Just to be sure, even the AzureBlobStorageProvider that is being worked on won't work when I change slots unless Azure will fix that stuff, right?
Or did I get it wrong?
I'd hope people would use a separate blob store for keys :)
That's very optimistic thinking. :) I'd use Atwood's JavaScript law and say "Everything that can be stored in one storage account, will eventually be stored in one Storage account". ๐
Plus KeyVault doesn't support saying "Give me all versions of this secret" which is also problematic for us, as we want to say "Give me all keys" and get them, without having to use a paging interface.
True, working with secrets is not very straight forward unfortunately.
However, one huge advantage of key vault is, that you can use certificate based authentication. This somehow removes the issue of "providing a secret to get a secret" as mentioned by @dfederm .
Seems like one secret can have up to 25kb so maybe you can combine/compress stuff?
@cwe1ss cert-based auth is still a secret, it's just a different way of delivering the secret. And unless I'm mistaken, I don't think Azure Websites supports installing certs on the machines anyway.
One thing I might have missed with the slot setting thing though is that if the data protection stuff also rotates the key itself then it wouldn't work since slot settings are read-only from the app (unless you do some shenanigans like call the management APIs from the app itself, but that requires extra secrets as well anyway). So storage/keyvault works since it allows the app to not only get the secret but also set it when rotating it.
Of course, but it's using a different medium and no one can commit it to Source control (at least you must be pretty stupid to do so ๐). But handling certificates with expirations etc is also quite some work unfortunately.
I'm mostly using Service Fabric which allows to install certificates. But as far as I know you can upload certificates to Azure Web Apps - I think you must also set some magic appSettings key to actually be able to use them though.
Blob storage will work between slots. And Web Apps do support certs.
@gdoron The slots thing azure knows about (and are hopefully working on)
@blowdart FYI I was told by an Escalation Engineer from the ASFS program that if it will be implemented it probably won't happen in the near future.
He explained to me that WebApp should be agnostic to the application and platform it's being used for, so WebApp shouldn't handle ASP.NET Core differently.
He suggested I won't wait for the fix and use the code from the PR: #163
I think it's reasonable and makes sense.
Yup. That'll will become part of the next core release.

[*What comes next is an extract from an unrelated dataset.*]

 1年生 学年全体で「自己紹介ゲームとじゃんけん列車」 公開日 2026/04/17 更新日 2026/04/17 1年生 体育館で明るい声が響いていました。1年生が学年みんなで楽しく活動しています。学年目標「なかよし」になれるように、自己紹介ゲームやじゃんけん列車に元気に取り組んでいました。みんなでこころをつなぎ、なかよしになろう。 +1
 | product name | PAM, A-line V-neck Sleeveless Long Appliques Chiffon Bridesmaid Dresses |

As for the WebApp being agnostic, well I'd disagree, but it's Azure's choice.
I have just spent a few hours debugging a System.OperationCanceledException: The operation was canceled. which turned out to be caused by this:
fail: Microsoft.AspNetCore.Diagnostics.ExceptionHandlerMiddleware[0]
An unhandled exception has occurred: The antiforgery token could not be decrypted.

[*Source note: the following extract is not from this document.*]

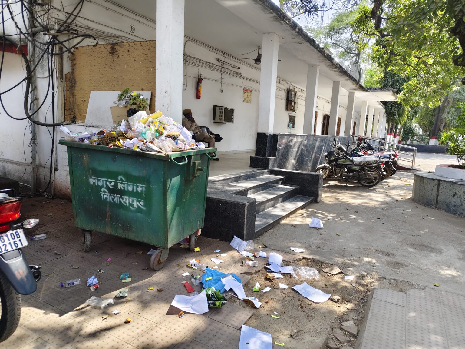 कलेक्टर चैंबर से महज 10 मीटर की दूरी पर रखा एक डस्टबिन मानो अपनी सीमा से आज़ादी की घोषणा कर चुका है। डस्टबिन अब डस्टबिन कम और कचरा वितरण केंद्र ज्यादा प्रतीत हो रहा है। फर्श पर कचरा ऐसे उगल रहा है जैसे उसे भी ‘स्मार्ट सिटी’ की उपलब्धि में योगदान देना हो।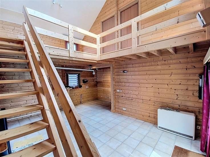 Het huis heeft een totale oppervlakte van 100 m² en is gebouwd in een houten structuur met een lichtgekleurde bakstenen gevel.

System.InvalidOperationException: The antiforgery token could not be decrypted. ---> System.Security.Cryptography.CryptographicException: The key {9725081b-7caf-4642-ae55-93cf9c871c36} was not found in the key ring.

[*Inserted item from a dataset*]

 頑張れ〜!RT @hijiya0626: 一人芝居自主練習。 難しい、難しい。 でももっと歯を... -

I now understand that this is happening because I'm deploying to a separate staging slot and then swapping to production to avoid downtime. I though the keys stored in /ASP.NET/DataProtection-Keys/ were synchronized between all sites, but this is obviously not the case for slots.
Will this be handled for me by the Web App platform in the future? If so, when?
What is the current recommended approach to handle this issue? I've seen a blob storage implementation here, but I would feel more comfortable if there was an "official" implementation I could use.
@henningst There's an official implementation for Azure Blob Storage. If you would like an Azure Table Storage implementation, you can hack your own key repository, but that's not recommended by MS.
For the KeyVault extensibility we're waiting on some KeyVault SDK changes. Removing this from 2.0.0-preview2 for now to bring it back to triage.